My mother isn't doing well. She has started needing blood every week. She only lasted a few days before really going down hill. I hadn't left the house for days this last week. She got blood at the cancer clinic last week and it has been every two weeks she was getting blood.
She seemed fairly good for a few days after getting blood last week but after about day four, she started to get tired and a bit confused like her oxygen level was down some. After day six, I could see she was just really tired.
She was so tired yesterday when I took her to get blood and it is hard for her to think when she doesn't have much oxygen. With no red blood cells, she has no way to carry oxygen to her brain. With no oxygen, she can't think clearly. She get a little slower each day.
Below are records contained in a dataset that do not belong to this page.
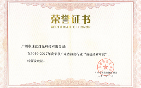 喜訊!珠江燈光再次榮獲“誠(chéng)信經(jīng)營(yíng)單位”稱號(hào)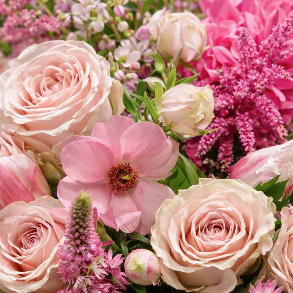 Expect a harmonious blend of roses and spray roses; graceful tulips, delicate scabiosa, vibrant anemones and classic carnations. Other highlights include Veronica, astrantia, viburnum, Queen Anne’s lace, and fragrant waxflower. It's a glorious mixture of blooms that come together to form a breathtaking display.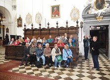 W wycieczce uczestniczyło 53 osoby. Pierwszym punktem wycieczki była Stara Wieś, gdzie mieści się Kolegium Ojców Jezuitów i Bazylika Wniebowzięcia Najświętszej Marii Panny, zbudowana i konsekrowana w 1760 r. przez biskupa Wacława Hieronima Sierakowskiego. W zespole znajduje się muzeum Towarzystwa Jezusowego Prowincji Polski Południowej. Uczestnicy wycieczki zobaczyli bardzo dużo eksponatów sztuki sakralnej z całego świata. W tym Kolegium nowicjat zdobywał Adam Kozłowiecki - późniejszy biskup rodem z Huty Komorowskiej.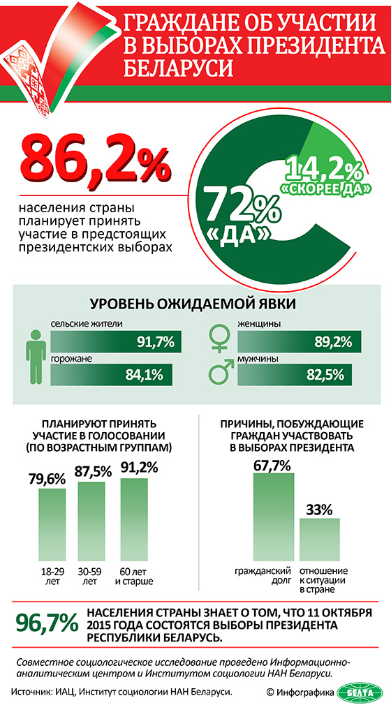 Более 86% населения Беларуси планирует принять участие в предстоящих президентских выборах. Об этом свидетельствуют данные совместного социологического исследования Информационно-аналитического центра и Института социологии Национальной академии наук Беларуси, сообщает БЕЛТА.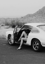 Dit schilderij toont een zwart-witfoto van een dame die in een auto zit met de deur open. De auto staat langs de kant van de weg geparkeerd met een dor landschap op de achtergrond.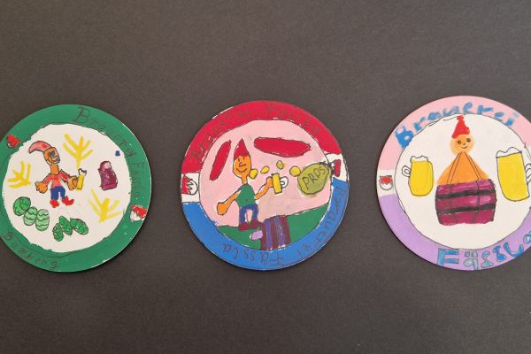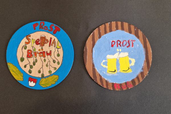 In Zusammenarbeit mit der Gaststätte Kachelofen sowie der Brauerei Spezial und der Brauerei Fässla haben die 3. Klassen der Wunderburgschule ein einzigartiges Kunst-Projekt gestartet. Nachdem die Kinder unzählige Filze aus diversen Gaststuben und Lokalen gesammelt hatten, um sich Merkmale anzuschauen, die auf allen Getränkeuntersetzern häufig vorkommen und nachdem wir die Kennzeichen der drei Traditionslokale in Bamberg genauer unter die Lupe genommen hatten, griffen die Jungen und Mädchen zu Pinsel und Arcylfarben, um ihre ganz eigenen Ideen zu verwirklichen und Filzla für die zwei Brauereien und die Gaststätte zu entwerfen.

It is hard watching someone you love struggle for the basic things we take for granted. My sister was here for a few hours tonight so I could go to a prom planning meeting and we asked my mother some questions and she was confused. When a few hours earlier, she was telling me a story about a girl that hurt her when she was little and we talked about forgiveness and she is still looking at the things she wants to let go of before she dies. I am so proud of her willingness to continue to heal herself mentally and spiritually even though there isn't much hope of healing physically.
She was so cute tonight when I tucked her in bed and told her about my post the other day when I mentioned taking a picture of her with her glasses on her head. She thought that was so funny. She repeated the words she does each night as I turned out the lights and closed the door. "Thanks for all you do, I love you!" I always say the same thing back, "I love you too!"